◆ WORK REQUEST ◆
Print the lines below from the line with "ДЗ 6: Устойчивость сжатых стержней вариант 20" to the line with "Apartamentul spatios de" exactly, keeping both ends, and print no pictures.

◆ PROVIDED ENTRIES ◆
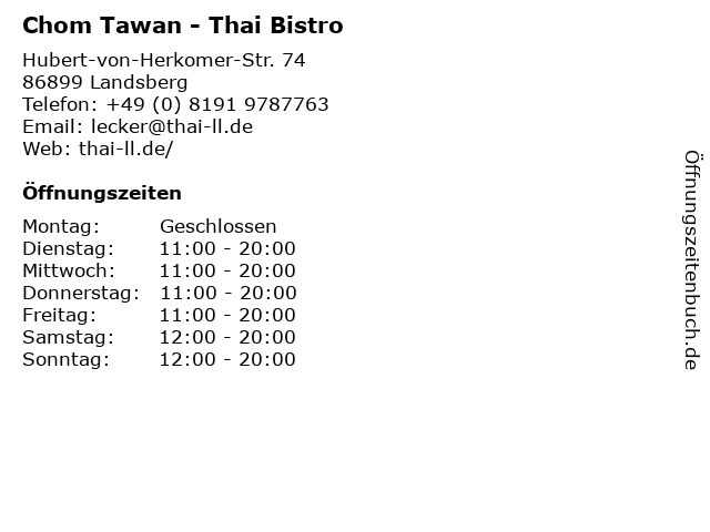 | Öffnungszeiten Chom Tawan - Thai Bistro in Landsberg anzeigen | |
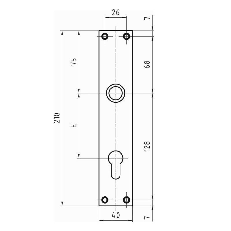 Inox mat, avec guidage de poignée tiré vers l'intérieur 16 mm, centre du trou de vis supérieur jusqu'au centre du guidage de poignée 71 mm,
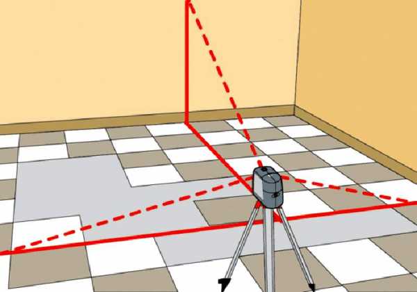 - В углу помещения отмечают угол в 45˚ и делают ориентир. Это леска либо маркерная отметка.
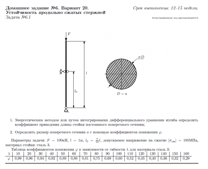ДЗ 6: Устойчивость сжатых стержней вариант 20
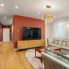 Apartamentul spatios de 90mp amenajat de o echipa de design interior beneficiaza si de o curte proprie de 77mp fiind localizat la parter . Dispune de un living spatios de 30 mp, doua dormitoare din care unul este transformat in dressing, doua bai mari de aprox 5 mp, una cu dus si una cu cada si o bucatarie plus camara de aprox 12mp. Accesul in curtea prorprie se face din cele 3 incaperi si din bucatarie. Toate materialele folosite sunt high end cu finisaje si dotari premium dupa cum urmeaza:
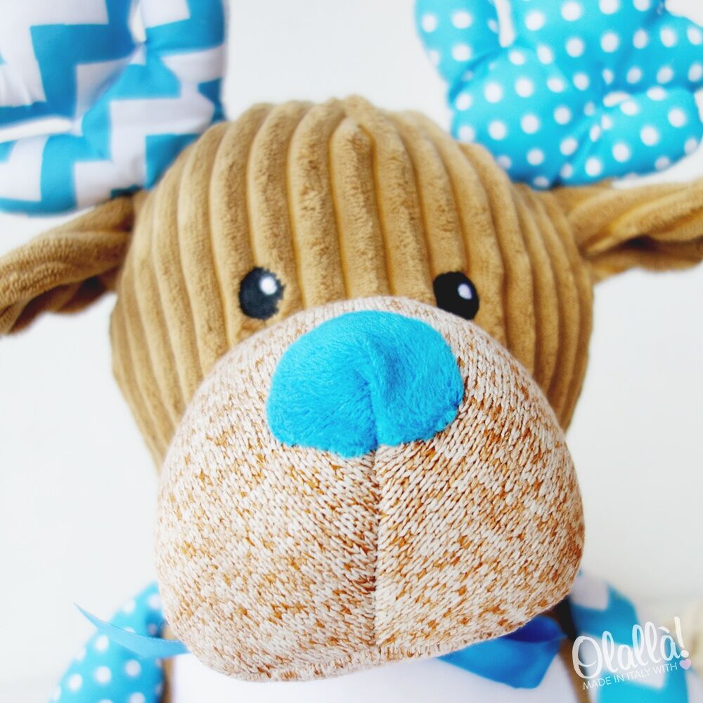 Una dolcissima renna peluche personalizzata col nome del bambino. Il regalo perfetto per una nascita, un compleanno o un evento speciale. Stupite il bambino e i genitori con un dono personalizzato apposta per il loro piccolo.
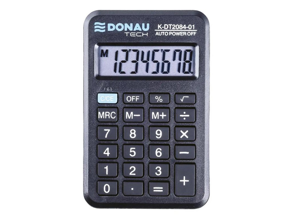 Kalkulačka s 8-miestnym displejom a gumenými tlačidlami. Farba čierna. Záruka 5 rokov.
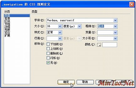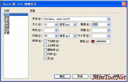 在"CSS 规则定义"对话框中,执行下面的操作:

◆ RESPONSE TO THIS EXERCISE ◆
ДЗ 6: Устойчивость сжатых стержней вариант 20
 Apartamentul spatios de 90mp amenajat de o echipa de design interior beneficiaza si de o curte proprie de 77mp fiind localizat la parter . Dispune de un living spatios de 30 mp, doua dormitoare din care unul este transformat in dressing, doua bai mari de aprox 5 mp, una cu dus si una cu cada si o bucatarie plus camara de aprox 12mp. Accesul in curtea prorprie se face din cele 3 incaperi si din bucatarie. Toate materialele folosite sunt high end cu finisaje si dotari premium dupa cum urmeaza:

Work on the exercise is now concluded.